Dame el teléfono, no creas que no sé que estas cosas se pueden fabricar, ¡estás haciendo videos falsos deliberadamente para difamarnos!
Silas se apartó hábilmente, sus ojos oscuros llenos de disgusto.
Ashley Sutton, viendo la situación, extendió la mano y detuvo a la madre de Lynn, temiendo que pudiera tocar a Silas Sinclair.
—Incluso la desvergüenza tiene sus límites, ¿cómo es que estás tan ansiosa por destruir las pruebas de haber incriminado a mi hermano?
—miró furiosamente a la madre de Lynn.
—¡Suéltame!
—la madre de Lynn empujó a Ashley Sutton a un lado—.
¡Ustedes son los desvergonzados, es tu hermano quien engañó, y ahora quieren acusarnos a nosotros!
Ashley Sutton se tambaleó por el empujón, pero afortunadamente Silas Sinclair rápidamente sostuvo su cintura, estabilizándola.
Su amplia mano estaba cálida contra su cintura, sin embargo, Ashley Sutton la encontró insoportablemente caliente.
—Gracias —susurró su agradecimiento, retrocediendo rápidamente para poner algo de distancia entre ellos.
Silas Sinclair retiró su mano, apretándola suavemente, su mirada barriendo brevemente su rostro.
—¿Estás planeando golpear a alguien?
—Nathan Sutton dio un paso adelante para ponerse delante de ellos, bloqueando a la madre de Lynn—.

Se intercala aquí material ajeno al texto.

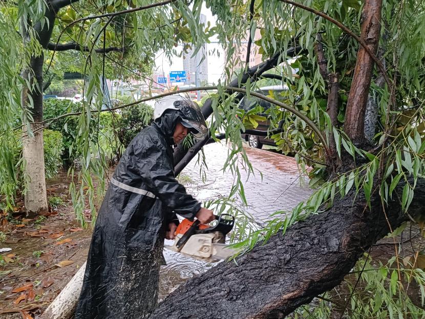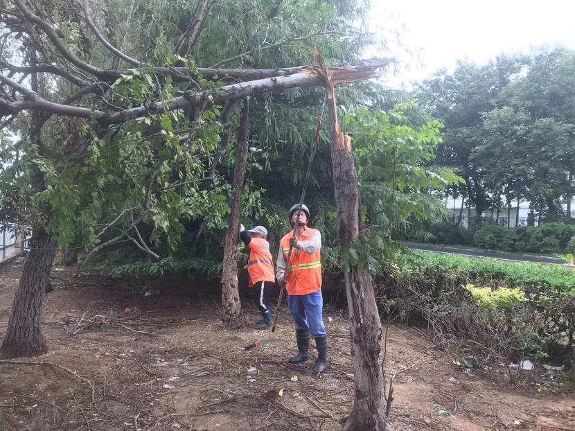 绿化分公司全力以赴筑牢汛期“安全网”,迅速开展应急处理,加大现场巡查力度,及时进行排涝清淤、树木扶正、强基加固,全力排除险情,保障树木、苗木安度汛期。截至20日17时,出动巡查人员 56人次,巡查车、高架车、货车等车辆 24车次,扶正移栽倒伏树木 70 株,修剪断枝 12株,加固支撑168株。对云池路、玉竹路、汇晶路等22处路段排涝清淤,及时消除辖区内安全隐患,保障了市民出行安全,巩固了城市绿化成果。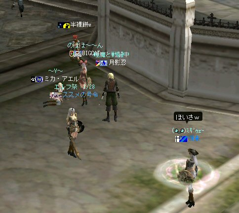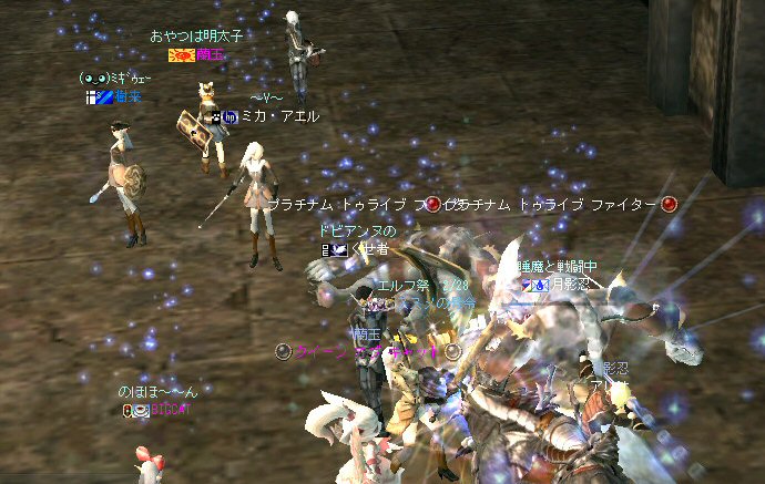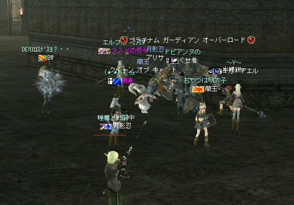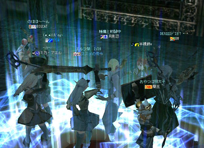 以前、登頂に成功した傲慢の塔への再挑戦だ。 業者の塔としても有名ではあるが、今回行った時にはBOT連中は影を潜めていた。 もっとも、彼らと戯れている時間など無い! 2度目の登頂を狙う! 以前、ブログにコメントしてくれたくせ者さんが参加w (メインが他鯖は半裸餅wさんらしいw ^^;) そして今回は、若干26才のスカベンジャー、半裸餅wさんも参加w (一応縛りで40以上と書いてはあるんだが・・・ゆるいのがノングレクオリティ^^;) 死んでも知らねーぞw って言ってる先から・・・ orz まあ、覚悟の上での参加だろうし、 20代で傲慢の塔に登ろうと言う心意気が素晴らしい! 将来、ノングレード戦隊の主力をになってもらいたい物だwww 半裸餅wさんが今回、火力として戦力になったかは疑問だが、 HPが二桁で助かったり、スポイルが入ったり、 ネタ提供には事欠かなかった事(ネタ戦力?)は確かだw (実際、楽しかったし^^) モンスターを倒して行く所に、今回、特記事項は無い。 PTであろうと、リンクしようと、少ないMPをうまく回して、その階その階をじりじりと攻略し、登って行った感じ。 「安定PT、時々危険あり」 スリルと会話を楽しむには最高のPTだったかもしれないw 以前は2PTで、5階を通り抜けられず、全滅した事もあったのに・・・。 すでに7階。下はかすんで見えない。 8階も通過・・・ 時々、ピンク戦隊になるのは愛嬌だ。 リチャしててタゲを切り替えをミスる事は、ヒーラーなら誰でも経験しているだろう。 眠らされた時に味方に殴られて起きる事もあったしw で、レイドボスの牛がいる階になんとか到着した。 さて、ここからがまた大変。 最後の最大の難関と言ってもいい。 ここを乗り切る(走り抜ける)にはどうしたらいいのだろうか? ススメさんに妙案があるらしい。 以下、ススメさんからの攻略作戦の説明。 ススメの号令: 作戦の説明: 私先頭でmobひきまくって走るので 全mob無視して頂上目指します 支援一切不要、mobのタゲがはがれるまで逃げます。 以上。 要はDVCでの作戦をもう一度行って見たいとの事。 で、タイミングを計って、作戦開始。 ラグ死は勘弁なのでスクリーンショットは無いが、 意外と早くススメさんが逝ったw ・・・ってか早すぎw orz (3K、1Kと連続でダメージを食らったらしいwww) それでも走り出した足は止まらないし、止められないw 先行した人達がモンスターを引きつれ、あるいは召還獣がタゲを取って道を開く。 通路を抜けて、追ってくるモンスターも、 外周の通路にある上の階へ上がる坂道にさしかかるあたりで引き上げる。 以前の仕様変更で、ダンジョンなどのアクティブモンスターは、元の場所へ戻る時間が早くなった。 つまり、逃げているうちにタゲを外して帰ってしまうのだ。 (言い方を変えるなら、槍PTでモンスターを引く事が難しくなった=w=) 現状を見ると、とりあえず、俺は生存。 だが、PTは半壊状態だったw 蘭玉さんが傍で逝ってたのでノーマル復活スクロールで復活。 他の場所でも生き残ったメンバーが死亡メンバーを蘇生している。 くせ者さんの課金切れの時間があと10分ほどとの連絡が・・・急がねばw なんとか無事?全員集合する事が出来、上の階を目指す。 途中の敵も、キツイけど何とかなる。 天使のレイドモンスターは、どこかの集団にでも食われたのだろう。 いなかった・・・。 で・・・登頂成功!! 傲慢の塔2度目の登頂を祝してノングレード帰還だ!! そしてくせ者さんの課金切れw 容赦ない運営の接続遮断によりPT離脱(ちょいと残念^^;) また、機会があったら参加してチョ^^v まあ、なんにしてもミッション完遂できて良かった。 そして、こんな楽しい時間を一緒に仲間(参加者全員)と過ごせた事をうれしく思う。 参加した皆さん、お疲れ様でした^^ノ また、冒険しよう! PR |

Fueron ustedes quienes me tendieron una trampa en primer lugar, y ahora quieren iniciar una pelea, ¿no es demasiado?
—¡Ustedes son los que van demasiado lejos!
—la madre de Lynn maldijo como una arpía—.
Traen pruebas falsas para difamarnos solo porque no quieren compensar las pérdidas de nuestra Lynn.
Nathan Sutton, ¡eres solo un aprovechado!
Has estado casado tantos años, viviendo en mi casa sin tener ni siquiera una casa propia, y aun así te atreves a engañar, ¡realmente eres un bastardo!
—¡Ustedes son los bastardos, toda la familia lo es!
—Ashley Sutton no pudo soportarlo más, insultando directamente—.
Lo han hecho y no se atreven a admitirlo, y ahora quieren destruir las pruebas.
¿Creen que no llamaremos a la policía?
—¡Adelante, llámenlos, veamos quién le teme a quién!
—gritó la madre de Lynn, con la cara enrojecida, sin mostrar ningún temor en absoluto.